The objective of this project is to develop, train and test a CNN-RNN model for automatically generating captions from a given image as shown in the example image below.
The Microsoft Common Objects in COntext (MS COCO) dataset is a large-scale dataset commonly used to train and benchmark object detection, segmentation, and captioning algorithms. This dataset of image-caption pairs (obtained using the COCO API) is used in this project to train the CNN-RNN model to automatically generate captions from images.
The Encoder uses the pre-trained ResNet-50 architecture (with the final fully-connected layer removed) to extract features from a batch of pre-processed images. The output is then flattened to a vector, before being passed through a Linear layer to transform the feature vector to have the same size as the word embedding.
The Decoder is made of an embedding layer that stores word embedding of input feature vectors and captions, an LSTM layer and a fully-connected layer in the output that generates appropriate output key.
The complete model combines the pretrained ResNet50 EncoderCNN model and LSTM DecoderRNN to automatically generate image captions.

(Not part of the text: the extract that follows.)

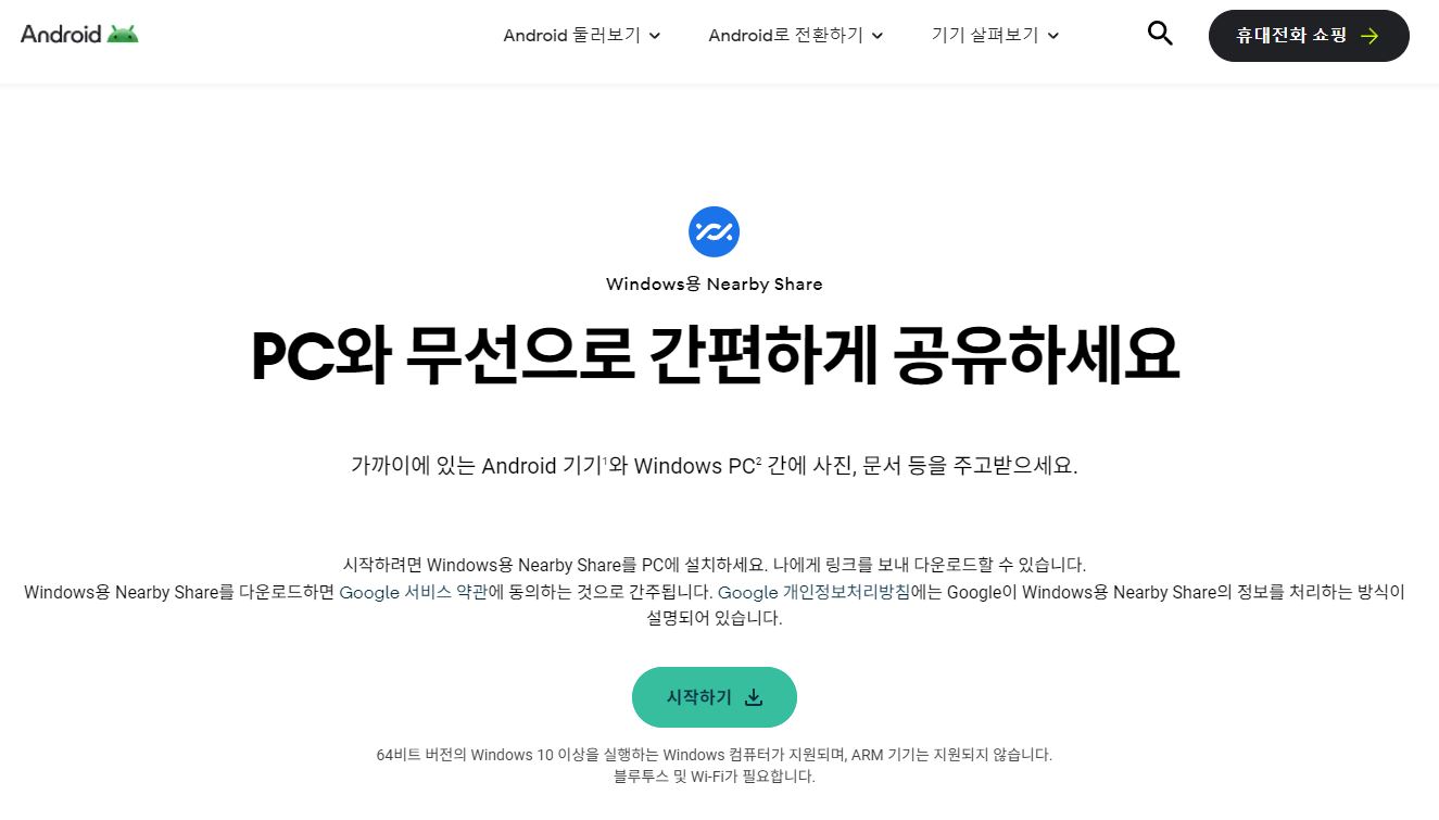 PC(노트북)에서 안드로이드 홈페이지에 접속해 Nearby Shware 프로그램을 다운로드하고 설치하세요. "시작하기 ↓" 버튼 클릭을 클릭하세요. 링크는 포스팅 아래에 있습니다.

The project is broken up into a few main parts in four Python notebooks:
Notebook 0 : Dataset - Explore the MS COCO dataset using the COCO API
Notebook 1 : Preliminaries - Explore the DataLoader, Obtain Batches, Experiment with the CNN Encoder and Implement the RNN Decoder
Notebook 2 : Training - Setup Training Process, Define & Tune Hyperparameters, Save Trained Models
Notebook 3 : Inference - Get Data Loader for Test Dataset, Define Decoder Sampler, Use trained model to generate captions for images in the test dataset.
The picture above samples some images in the test dataset and the corresponding (relatively accurate) predicted captions.
The picture above samples some images in the test dataset and the corresponding (relatively inaccurate) predicted captions.
Notebook Documentation, Images and Starter Code are part of project files provided by Udacity in the Computer Vision Nanodegree.